#### WHAT NEEDS TO BE DONE:
All of the data should be reproduced word for word, though its pictures must be omitted.

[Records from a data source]
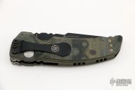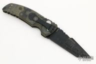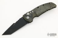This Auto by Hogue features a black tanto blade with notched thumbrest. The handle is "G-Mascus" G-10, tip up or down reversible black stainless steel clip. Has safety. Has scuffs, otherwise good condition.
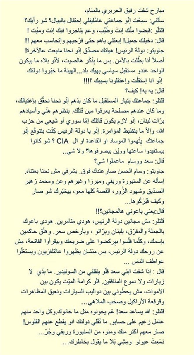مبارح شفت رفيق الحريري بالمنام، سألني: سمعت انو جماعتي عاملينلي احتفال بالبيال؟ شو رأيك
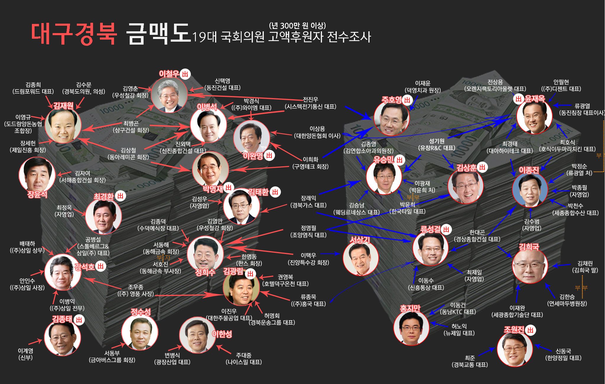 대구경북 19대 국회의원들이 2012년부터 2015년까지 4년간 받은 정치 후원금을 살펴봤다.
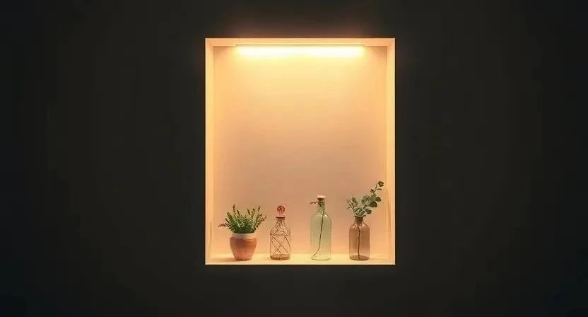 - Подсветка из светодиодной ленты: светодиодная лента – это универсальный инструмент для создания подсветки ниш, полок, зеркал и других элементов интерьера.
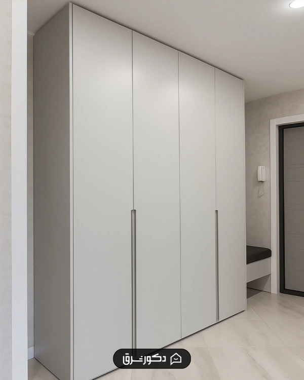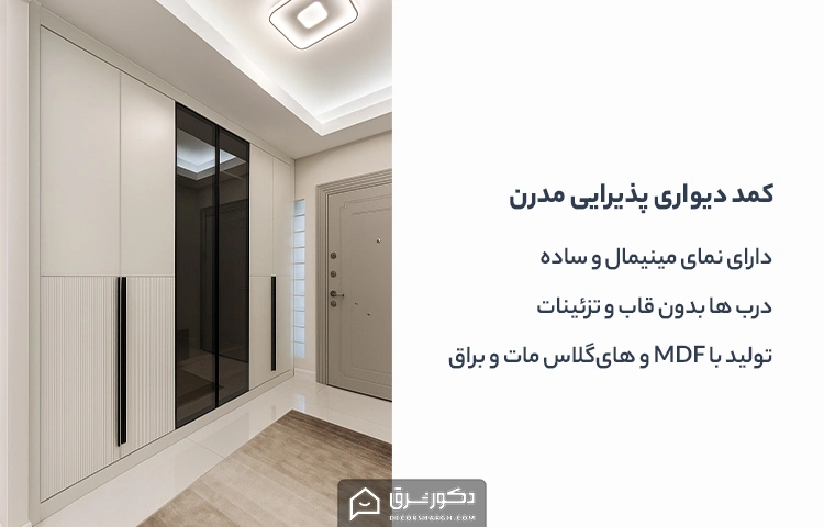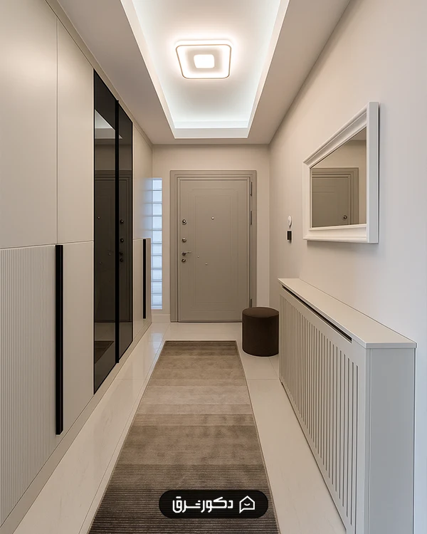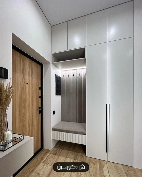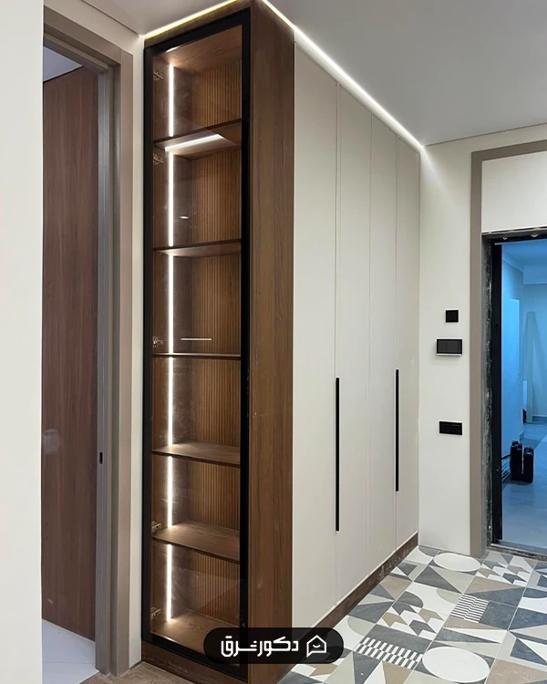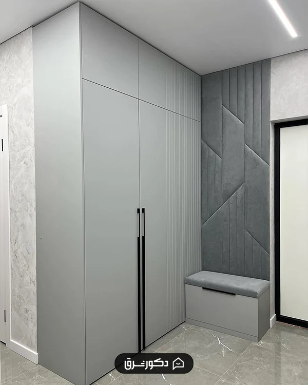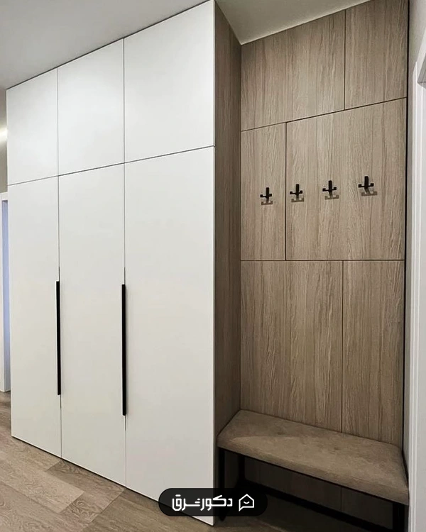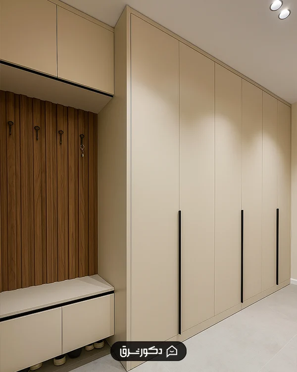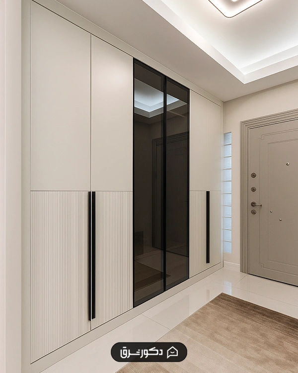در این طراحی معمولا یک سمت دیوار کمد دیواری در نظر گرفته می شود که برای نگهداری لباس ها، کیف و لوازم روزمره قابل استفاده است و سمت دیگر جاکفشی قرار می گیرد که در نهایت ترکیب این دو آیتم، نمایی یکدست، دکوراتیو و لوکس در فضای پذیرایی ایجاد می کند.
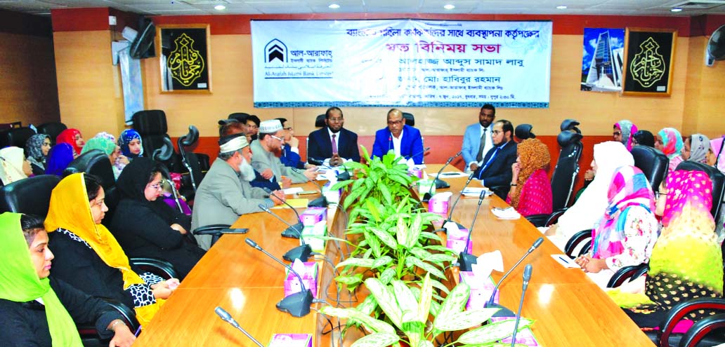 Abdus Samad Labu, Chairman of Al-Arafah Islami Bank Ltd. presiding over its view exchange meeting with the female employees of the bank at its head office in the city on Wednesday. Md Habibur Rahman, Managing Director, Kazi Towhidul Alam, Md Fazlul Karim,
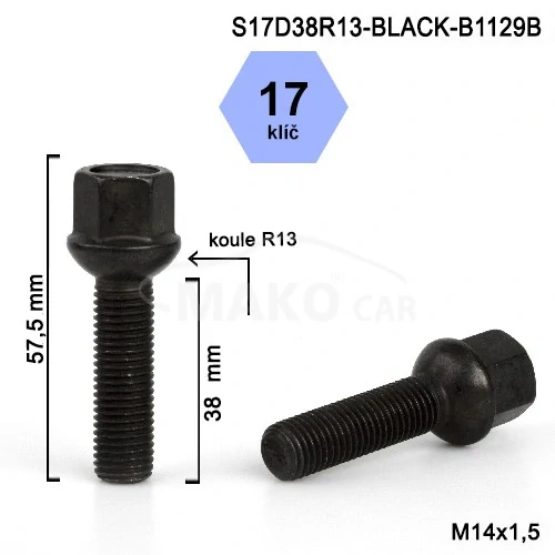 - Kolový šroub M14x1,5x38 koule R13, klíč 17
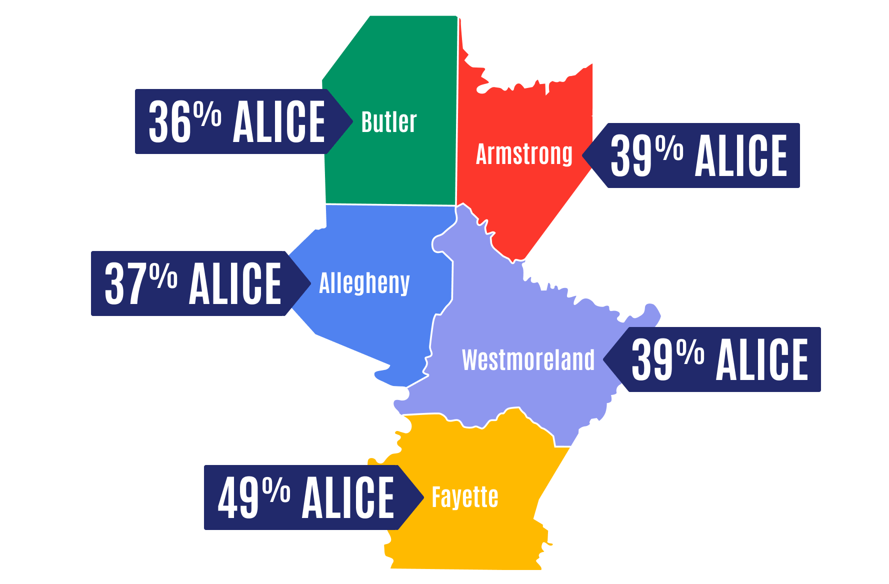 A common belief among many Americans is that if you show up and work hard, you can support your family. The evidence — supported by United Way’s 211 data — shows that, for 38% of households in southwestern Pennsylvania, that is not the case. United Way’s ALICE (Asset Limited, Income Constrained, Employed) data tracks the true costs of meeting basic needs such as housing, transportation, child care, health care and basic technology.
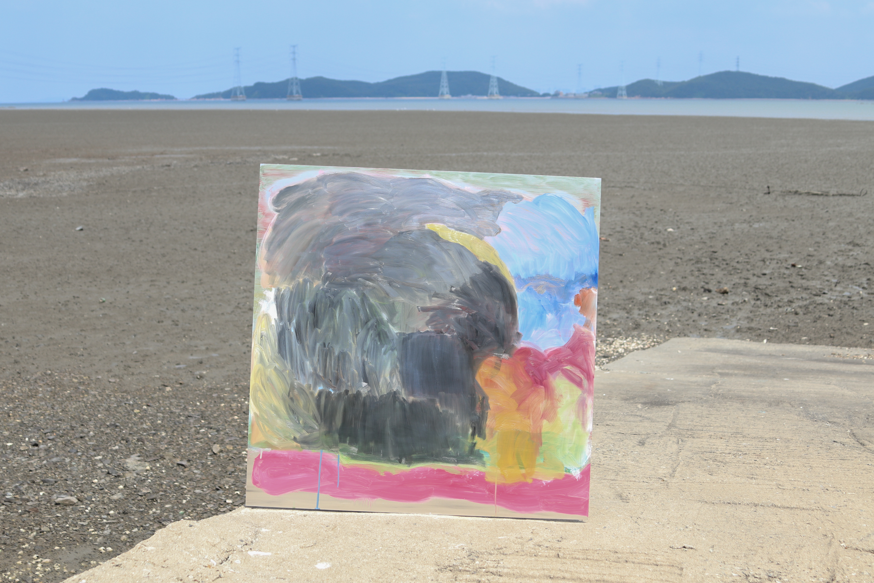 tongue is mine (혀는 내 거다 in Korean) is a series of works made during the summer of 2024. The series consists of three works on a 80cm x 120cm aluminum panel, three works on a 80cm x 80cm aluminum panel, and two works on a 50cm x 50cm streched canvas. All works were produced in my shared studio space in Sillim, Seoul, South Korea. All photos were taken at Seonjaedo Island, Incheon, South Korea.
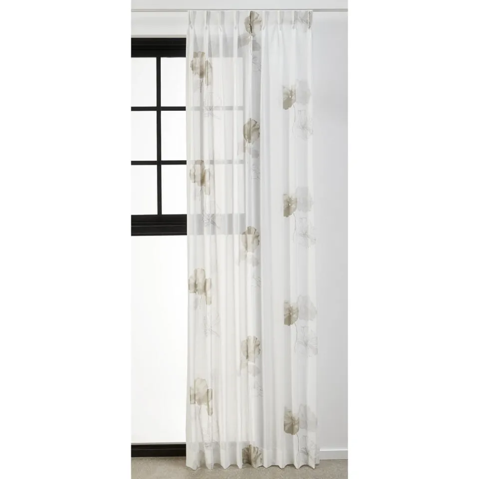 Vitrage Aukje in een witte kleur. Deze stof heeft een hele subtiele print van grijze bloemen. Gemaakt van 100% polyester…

#### RESULT FOR THIS EXERCISE:
This Auto by Hogue features a black tanto blade with notched thumbrest. The handle is "G-Mascus" G-10, tip up or down reversible black stainless steel clip. Has safety. Has scuffs, otherwise good condition.
مبارح شفت رفيق الحريري بالمنام، سألني: سمعت انو جماعتي عاملينلي احتفال بالبيال؟ شو رأيك
 대구경북 19대 국회의원들이 2012년부터 2015년까지 4년간 받은 정치 후원금을 살펴봤다.
 - Подсветка из светодиодной ленты: светодиодная лента – это универсальный инструмент для создания подсветки ниш, полок, зеркал и других элементов интерьера.
در این طراحی معمولا یک سمت دیوار کمد دیواری در نظر گرفته می شود که برای نگهداری لباس ها، کیف و لوازم روزمره قابل استفاده است و سمت دیگر جاکفشی قرار می گیرد که در نهایت ترکیب این دو آیتم، نمایی یکدست، دکوراتیو و لوکس در فضای پذیرایی ایجاد می کند.
 Abdus Samad Labu, Chairman of Al-Arafah Islami Bank Ltd. presiding over its view exchange meeting with the female employees of the bank at its head office in the city on Wednesday. Md Habibur Rahman, Managing Director, Kazi Towhidul Alam, Md Fazlul Karim,
 - Kolový šroub M14x1,5x38 koule R13, klíč 17
 A common belief among many Americans is that if you show up and work hard, you can support your family. The evidence — supported by United Way’s 211 data — shows that, for 38% of households in southwestern Pennsylvania, that is not the case. United Way’s ALICE (Asset Limited, Income Constrained, Employed) data tracks the true costs of meeting basic needs such as housing, transportation, child care, health care and basic technology.
 tongue is mine (혀는 내 거다 in Korean) is a series of works made during the summer of 2024. The series consists of three works on a 80cm x 120cm aluminum panel, three works on a 80cm x 80cm aluminum panel, and two works on a 50cm x 50cm streched canvas. All works were produced in my shared studio space in Sillim, Seoul, South Korea. All photos were taken at Seonjaedo Island, Incheon, South Korea.
 Vitrage Aukje in een witte kleur. Deze stof heeft een hele subtiele print van grijze bloemen. Gemaakt van 100% polyester…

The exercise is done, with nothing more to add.